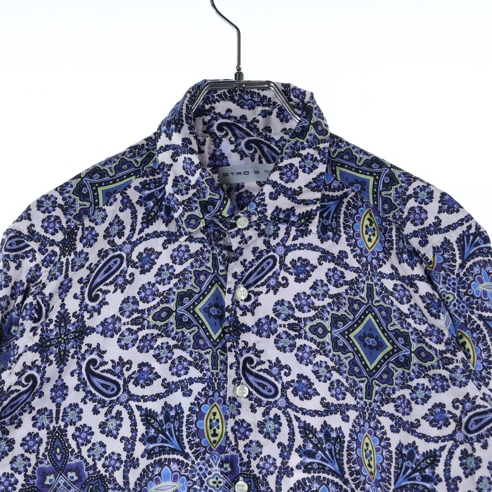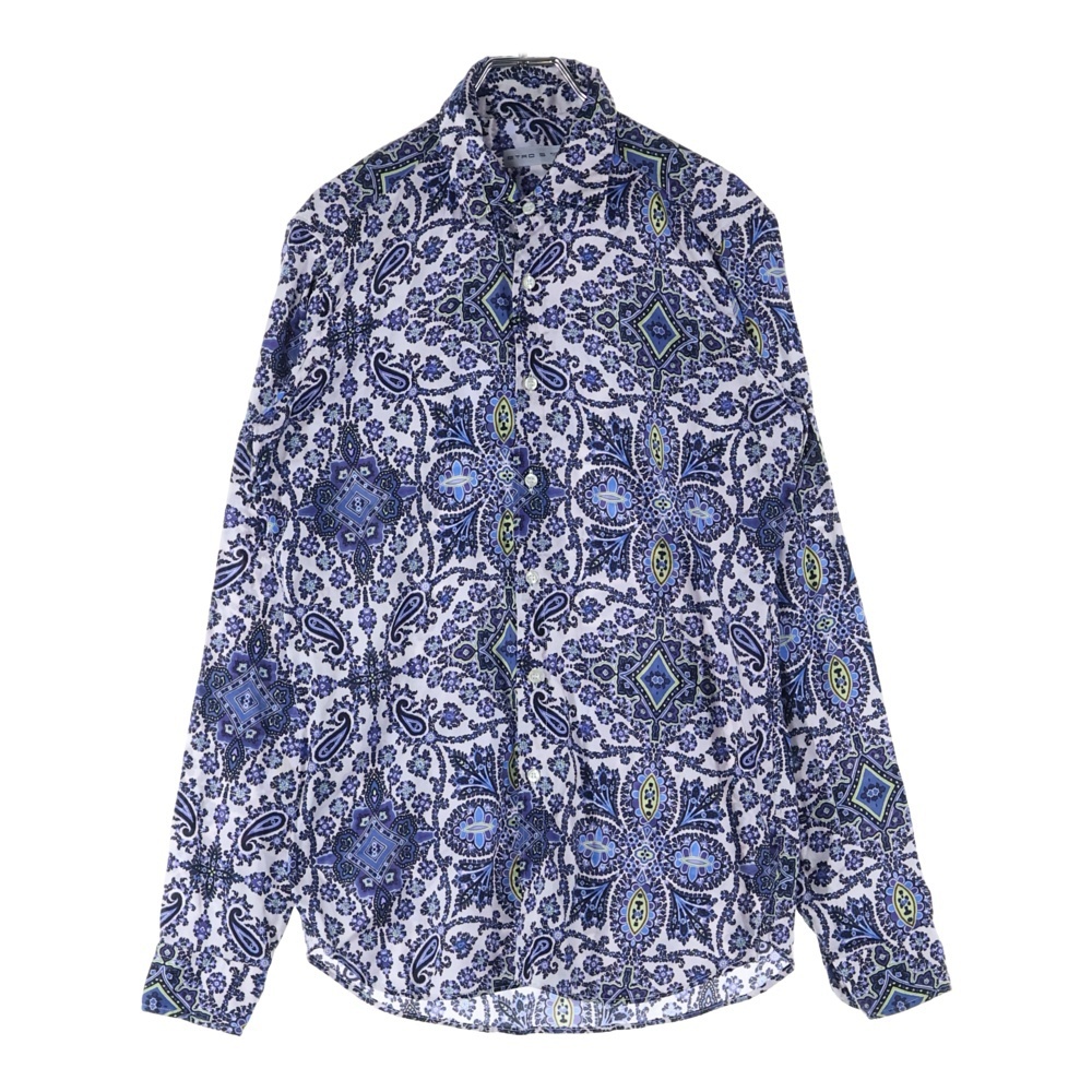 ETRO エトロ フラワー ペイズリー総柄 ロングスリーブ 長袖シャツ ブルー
--
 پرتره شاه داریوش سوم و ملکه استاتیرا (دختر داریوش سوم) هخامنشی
--
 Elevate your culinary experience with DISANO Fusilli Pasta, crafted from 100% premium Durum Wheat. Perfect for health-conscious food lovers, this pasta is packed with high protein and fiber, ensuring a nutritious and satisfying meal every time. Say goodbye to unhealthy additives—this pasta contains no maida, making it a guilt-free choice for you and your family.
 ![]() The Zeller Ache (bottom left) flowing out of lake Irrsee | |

__Requirement__:
Take the lines above from the one containing "Elevate your culinary" down to the one containing "lake Irrsee | |", and transcribe them exactly, both ends included.

__Completed exercise__:
 Elevate your culinary experience with DISANO Fusilli Pasta, crafted from 100% premium Durum Wheat. Perfect for health-conscious food lovers, this pasta is packed with high protein and fiber, ensuring a nutritious and satisfying meal every time. Say goodbye to unhealthy additives—this pasta contains no maida, making it a guilt-free choice for you and your family.
 ![]() The Zeller Ache (bottom left) flowing out of lake Irrsee | |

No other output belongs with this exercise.